« — Il l’a envoyé dans les bois, dans le pays de la fièvre, là où il y a de l’or… Don Antonio n’a plus que cet espoir. Son avarice prévoit le moment où les chers sacs devront se vider. Or, son vice lui a fait rater dernièrement de très importantes affaires. Ce n’est pas que son crédit soit ébranlé ; on le sait encore solide. Mais les grandes maisons de Caracas, de Trinidad, de Ciudad Bolivar, ne veulent plus avoir affaire à lui. D’autre part, ses débiteurs — et Dieu sait s’il en a — tous ces gens — dont beaucoup sont au pouvoir — qu’il a pressés comme des citrons, sont plus ou moins ouvertement ligués contre lui. On lui a fait manquer des contrats avantageux. La douane qui est aux mains de Diego Diaz lui a joué de vilains tours et lui en jouera d’autres. Don Antonio se sent cerné. Il est seul. Il est vieux.
« Toujours est-il qu’il veut jouer son dernier atout. L’atout, c’est le placer ! don Antonio, qui ne sort jamais de Puerto-Leon, sait, par certains informateurs, des chercheurs de balata, qu’à trois semaines de marche d’ici, sud-ouest, il y a des terrains aurifères.

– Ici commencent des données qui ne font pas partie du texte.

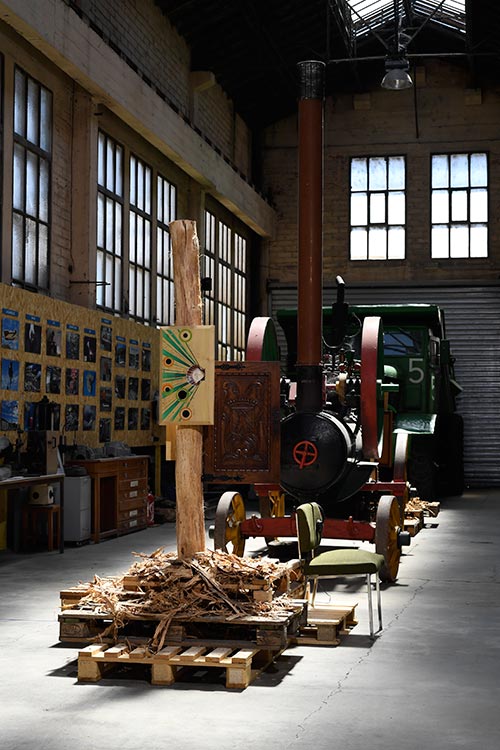 PP : Votre projet pour Decazeville repose sur une double intervention en diptyque à l’extérieur et à l’intérieur de cet incroyable musée. Vous allez d’abord peindre directement sur un mur de la façade avec la création de dessins emblématiques. Vous avez déjà travaillé sur des emblèmes que vous considérez comme de véritables outils actifs. Vous parlez cette fois de Talismans. Que voulez-vous dire ? Quels pouvoirs magiques leur avez-vous attribués ?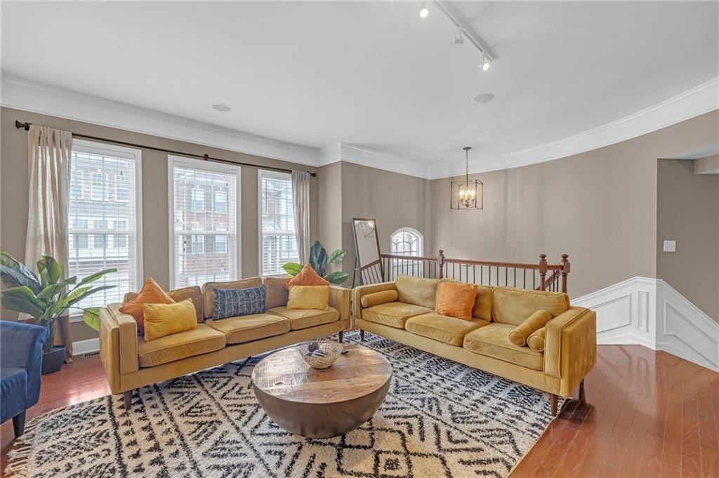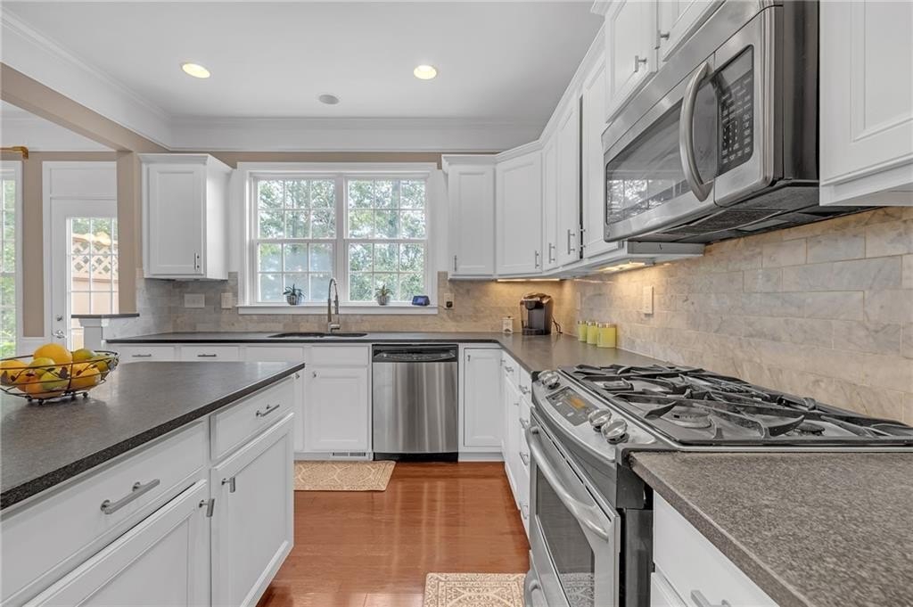 Experience this luxurious, three-story townhome in one of Atlanta's most desirable areas, offering access to everything the Vinings/Smyrna area has to offer. ****With unbelievable living space (2376 sq ft.), the main floor boasts an open-concept design featuring beautiful hardwood floors throughout. Walk into a cozy family room anchored by a warm fireplace that seamlessly flows into your gourmet kitchen, equipped with ceiling and cabinetry recessed lighting, a large island, granite countertops, and stainless steel appliances. ***Architectural details such as tray ceilings and wainscot chair rail molding along the stairways and dining areas, oversized (floor to ceiling) windows on every floor, illuminating natural light. Imagine enjoying a cup of coffee on your private deck or in your dining room, gazing out the window at a beautifully landscaped scenic view. ****The primary suite is complete with a spa-like bathroom featuring a soaking tub, separate shower, and his-and-hers vanities with walk-in closets. ****The terrace level features the Guest Quarters, a 4th bedroom/flex room that is ideal for a teen/in-law suite, home office, or as a space for unlimited entertainment options. It includes a butlery/laundry Room with a wine cooler, built-in cabinets, and a butcher block counter over the laundry units, which leads out to the patio area. ****This family and pet-friendly community provides swimming, dog park and stations, walking trail, and guest parking, all covered by low monthly HOA dues that also include water, sewer, trash, and a termite bond. ****Enjoy a premier location, just minutes from the I-285 Interstate, schools, shopping, restaurants, and entertainment, including the popular Truist Park/The Battery, the Chattahoochee River Trail, and historic Downtown Smyrna, Midtown, Downtown Atlanta, and Hartsfield-Jackson Airport. ****100% Financing Available with preferred lenders **** Water Heater Replaced*** Well Maintained Home*** This home is ready for immediate occupancy. Schedule your showing today!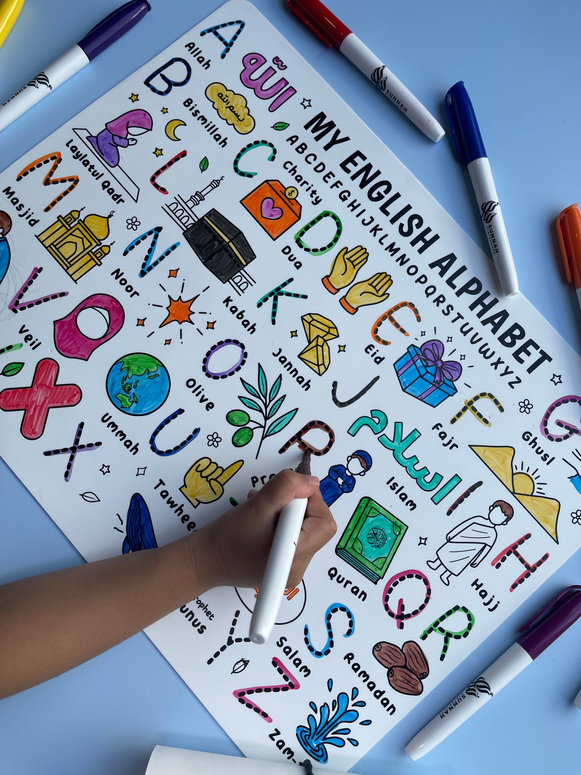 We love that it comes with a beautiful carry bag so we can take it with us anywhere. The design allows us to keep teaching her the English alphabet while also encouraging conversations about Islam and allowing us to talk about it while she colours.

« Les yeux de Barju s’élargissaient, dans l’extase d’une vision mirifique. Il répéta :
« — Des trésors ! l’Eldorado quoi, comme on dit. On a soupçonné l’existence de ces gisements depuis longtemps, mais ceux qui y sont allés ne sont pas revenus. Don Antonio, bon père, y envoie son fils avec une petite équipe de travailleurs. Si Miguel a la chance, il fera les sondages, rapportera des échantillons. Suivant la valeur du placer, don Antonio le gardera pour lui ou en proposera la copropriété, à charge d’exploitation, à l’Agence Minière Tropicale.
« — Vous avez dit à l’A.A. M. T.nbsp ;M.A. M. T.nbsp ;T. ? — insistai-je.
« — Oui, vous connaissez ?
« — Un peu.
« Barju resta un moment silencieux. Je voyais qu’une pensée le travaillait, mais que ses lèvres hésitaient à l’exprimer. Ses yeux roulaient dans l’angoisse d’un enfantement pénible. J’aidais à l’accouchement en faisant rapporter du tafia. Et Barju parla avec une voix d’enfant.
« — Barju connaît le placer, — murmura-t-il. — Barju connaît la route.
« Il tira de sa poche une feuille de papier jaunie, froissée, sur laquelle était tracée au crayon une carte à demi effacée, qu’il couvrit de sa main, précipitamment.